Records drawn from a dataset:
BEGIN
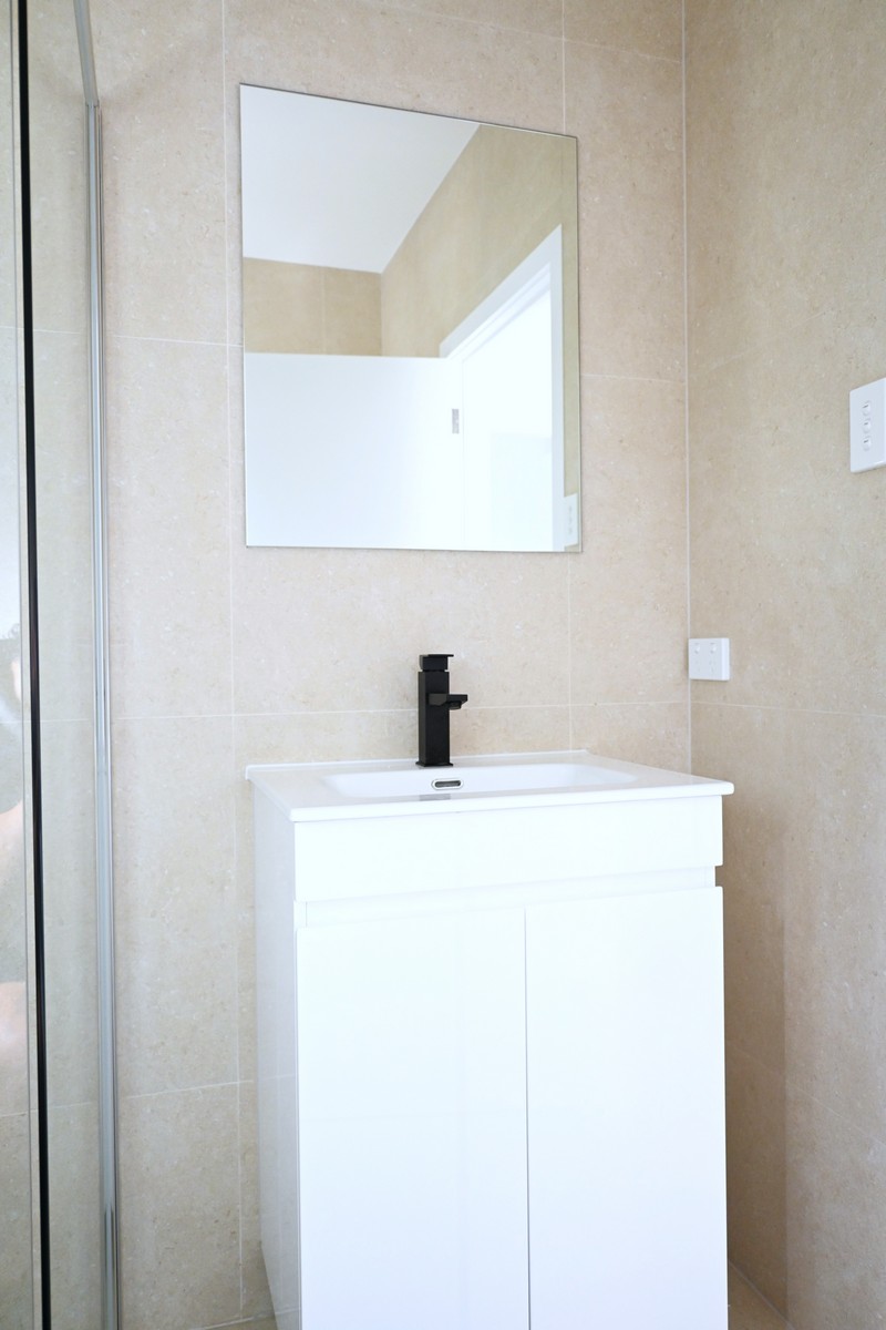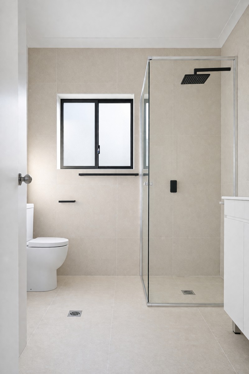 Tiled flooring runs continuously throughout the home and into the bathroom (floor-to-ceiling), creating a seamless and cohesive finish. Black hardware in the bathroom adds contrast and a modern edge to the otherwise light, neutral palette.
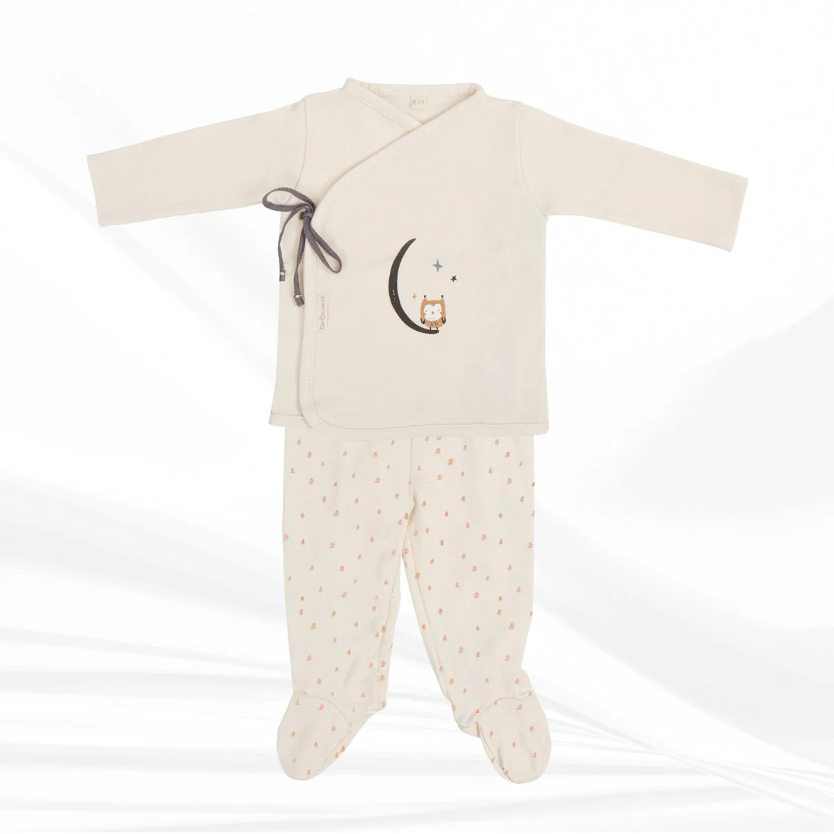 El conjunto Wonderland, en un tono beige neutro, combina con cualquier mantita, arrullo o accesorio. Es perfecto tanto para niño como para niña, y su estilo minimalista lo convierte en una pieza ideal para fotos y recuerdos de esos primeros días.
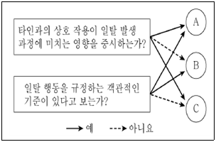 <보기>는 일탈 행위 A~C를 질문에 따라 구분한 것이다. 이에 대한 설명으로 가장 옳은 것은? (단, A~C는 각각 낙인 이론, 아노미 이론, 차별 교제 이론 중 하나이다.)
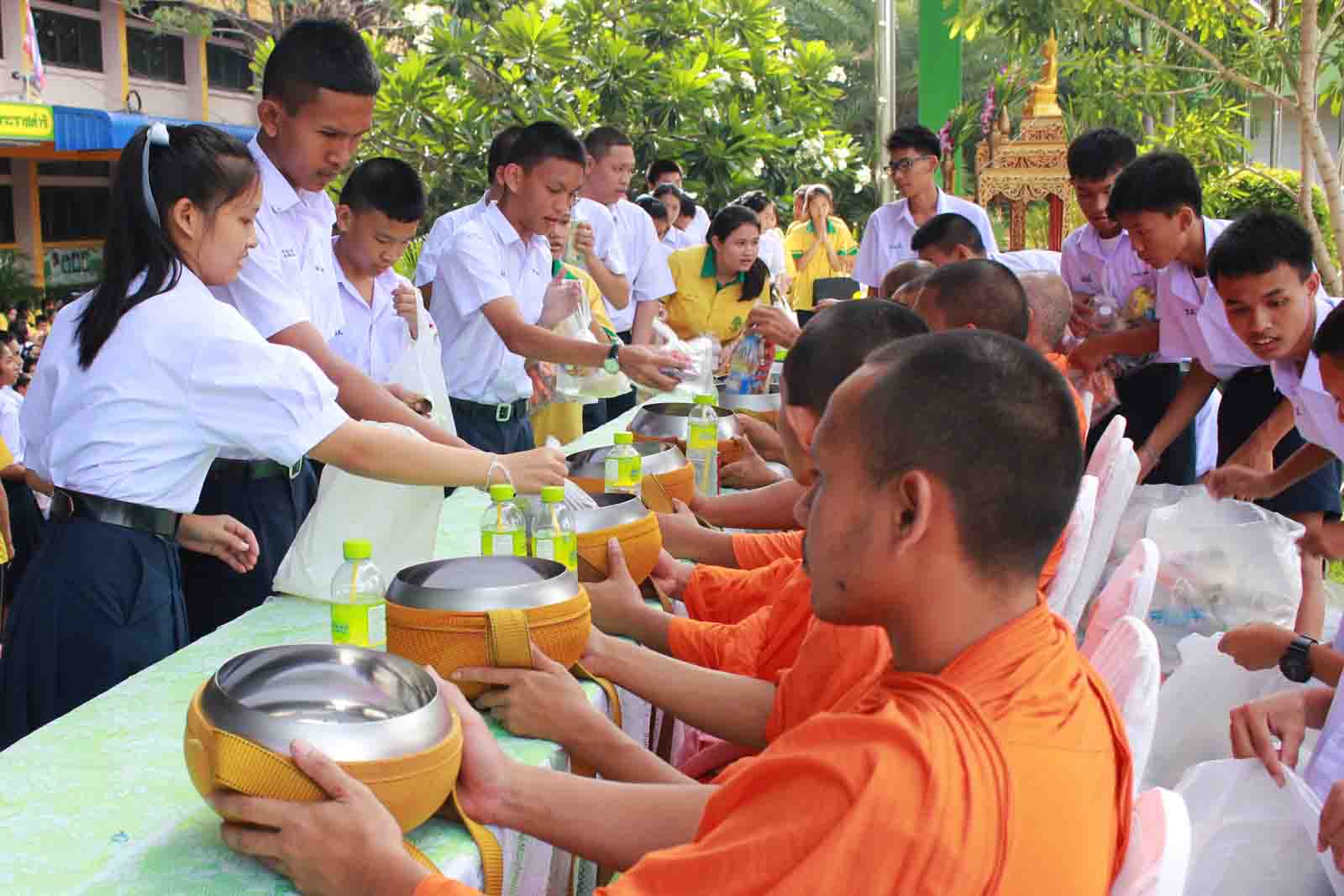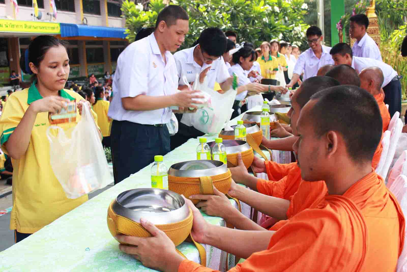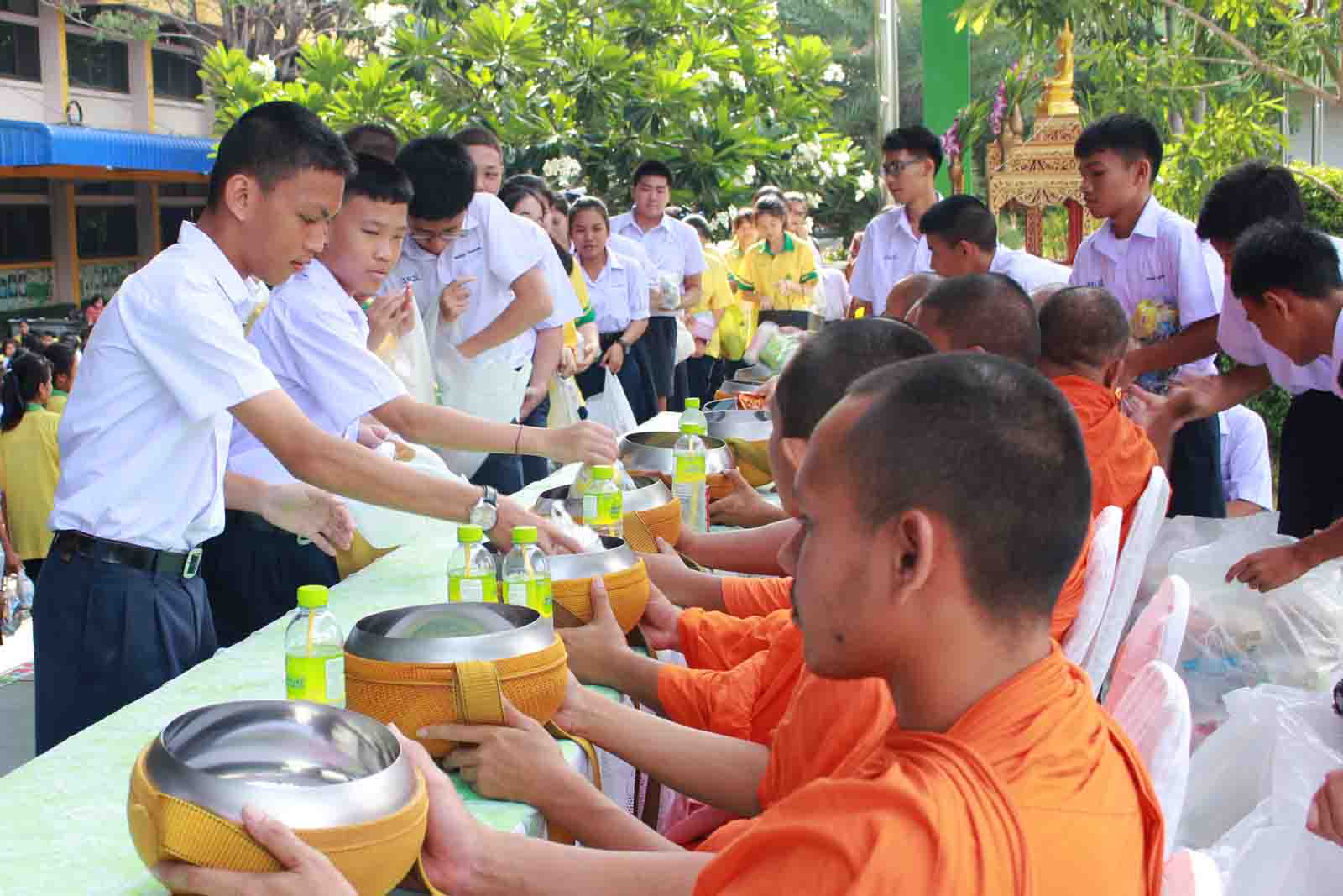 กิจกรรมทำบุญตักบาตรข้าวสารอาหารแห้ง ตามโครงการโรงเรียนวิถีพุทธ วันศุกร์แรกของเดือน ประจำปีการศึกษา 2559
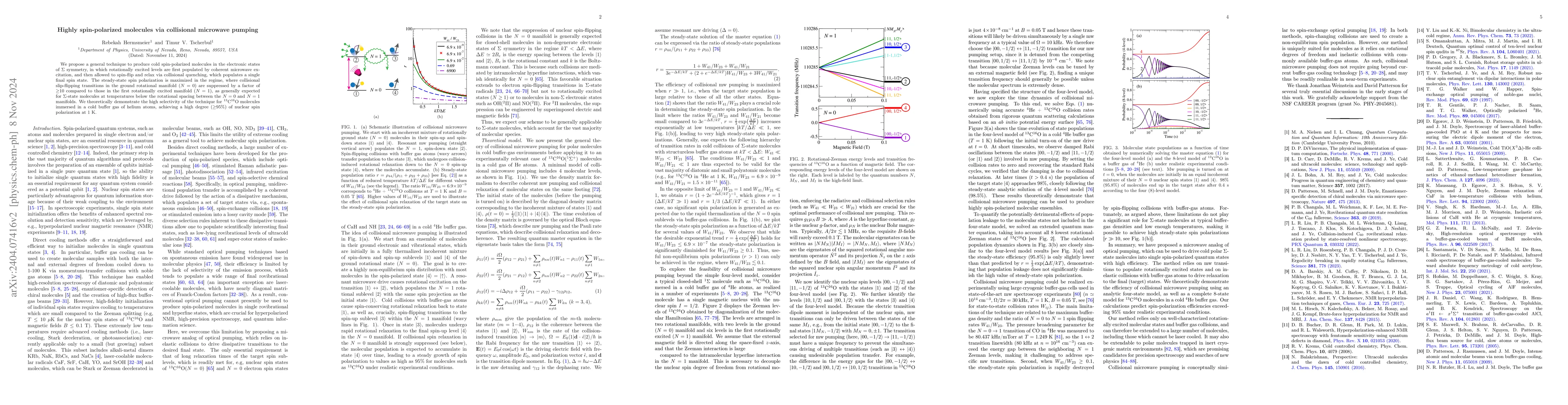 This research introduces a method to create highly spin-polarized cold molecules using microwave excitation to populate rotationally excited states, followed by collisional quenching to achieve nuclear spin polarization. The technique demonstrates a 95% or greater degree of polarization for $^{13}$C$^{16}$O molecules in a helium buffer gas at 1 K.
END
• [YOUR TASK]: Each record should be copied exactly, and each image left out.

• [RESULT FOR THIS EXERCISE]:
 Tiled flooring runs continuously throughout the home and into the bathroom (floor-to-ceiling), creating a seamless and cohesive finish. Black hardware in the bathroom adds contrast and a modern edge to the otherwise light, neutral palette.
 El conjunto Wonderland, en un tono beige neutro, combina con cualquier mantita, arrullo o accesorio. Es perfecto tanto para niño como para niña, y su estilo minimalista lo convierte en una pieza ideal para fotos y recuerdos de esos primeros días.
 <보기>는 일탈 행위 A~C를 질문에 따라 구분한 것이다. 이에 대한 설명으로 가장 옳은 것은? (단, A~C는 각각 낙인 이론, 아노미 이론, 차별 교제 이론 중 하나이다.)
 กิจกรรมทำบุญตักบาตรข้าวสารอาหารแห้ง ตามโครงการโรงเรียนวิถีพุทธ วันศุกร์แรกของเดือน ประจำปีการศึกษา 2559
 This research introduces a method to create highly spin-polarized cold molecules using microwave excitation to populate rotationally excited states, followed by collisional quenching to achieve nuclear spin polarization. The technique demonstrates a 95% or greater degree of polarization for $^{13}$C$^{16}$O molecules in a helium buffer gas at 1 K.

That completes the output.